Rest well to work well

Sometimes we are greedy...Sometiems we are needy...Sometimes we just have low spirits. Spirits so low tht we forget how importnt it is not to overuse our energy. We think we can go on, but then, at the least expected moment, we may just find ourselves completely wrecked, totally exhausted or desparately lost. The importance of regular breaks can hardly be exxaggerated. If you ask me, we need a week of rest every season to be able to perform our responsibilities with diligence and care.

02.10.2022

It's all about relationships

 I don't mean it's not important how much you have on your accounts, or what make is your car. Comfort is a pleasant luxury option, but those things make your body feel good. What makes your soul feel truly happy is the sense, not words, the sense of being in right relationships - at home, at work, with friends, with yourself. This is what truly matters. At the end of the day, you need the car to drive your beloved ones around, you need the phone to use it in communicating with your people. Even a bread and cheese breakfast with your true friend will make you feel much happier than a fancy dining with five courses in a suit-and-tie haute couture restaurant. 

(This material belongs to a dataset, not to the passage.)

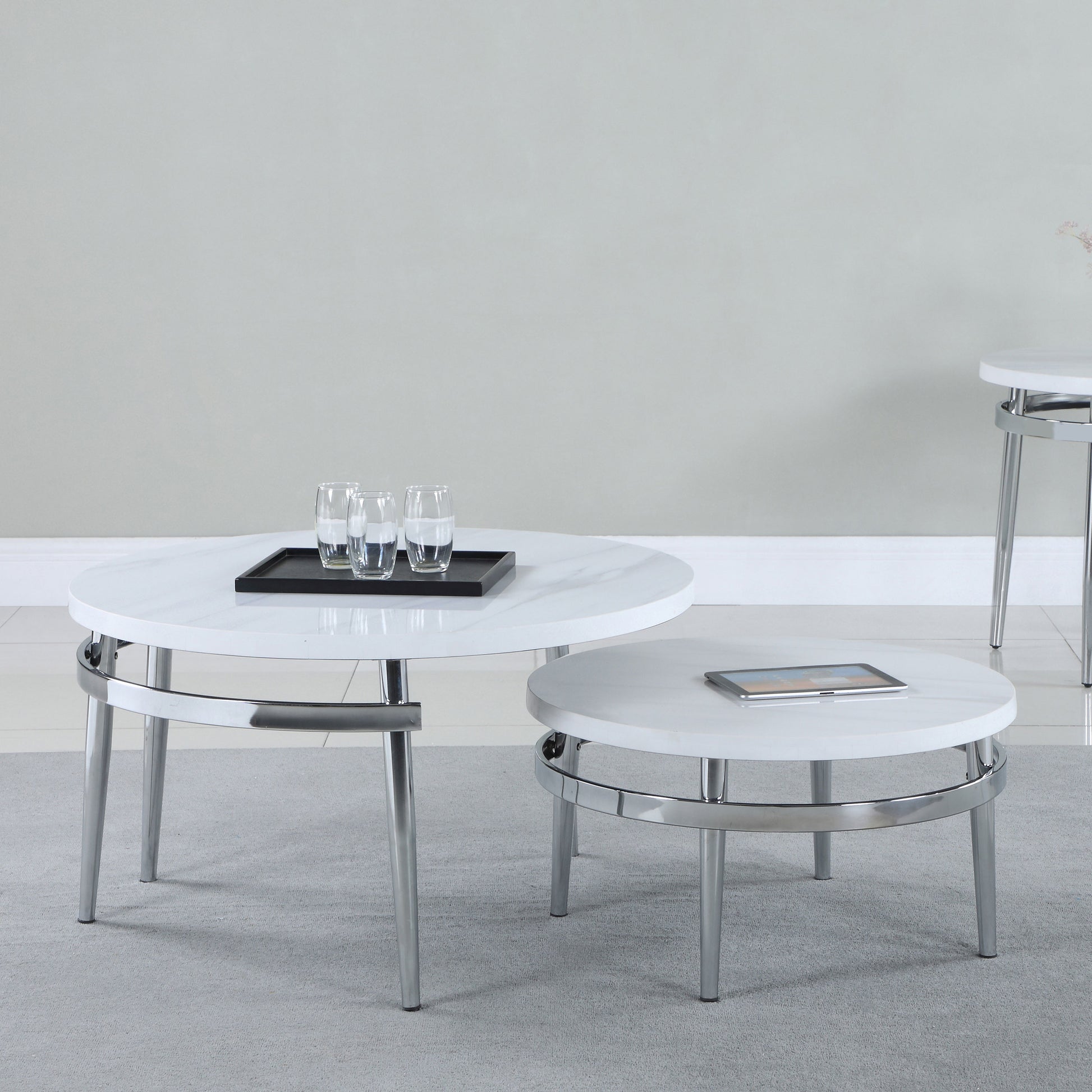 Perfectly suited for a modern style living room, this set of nesting coffee tables are as stylish as they are versatile. Each with a round cultured marble top, complete with grey striations, they offer a cheerful bright look to any space. With a touch of glam, these furniture pieces are designed to offer a space-saving option that allows for the smaller table to be pulled out when guests are over. The open and airy metal base is finished in an electroplated chrome that offers a lustrous, gleaming aesthetic. Wrapped around the upper base, just below the tabletop, is a matching band supported by chrome tapered legs.

The relationships where there's no "balance", but each of you tries to do yet something more for the other one- buy their favorite food, order their favorite flowers, remember their favorite colors and smells. And never count how much is spent, but rather how much is felt.

Happiness is in relationships, indeed. The feeling of your close friend dealing with your mood swings, or the patience you find in yourself when your people do drama. This is a detector of who is ours and who is not. I guess if we have nerves for each other, this is true relationship. 

It's not about "let go, and if they don't come back, they aren't your people". It's more about, " if you truly can let go, then do let go", because we don't want, we aren't ready to cope, we aren't capable of letting go of our people. Because we love them, and us with them. Period.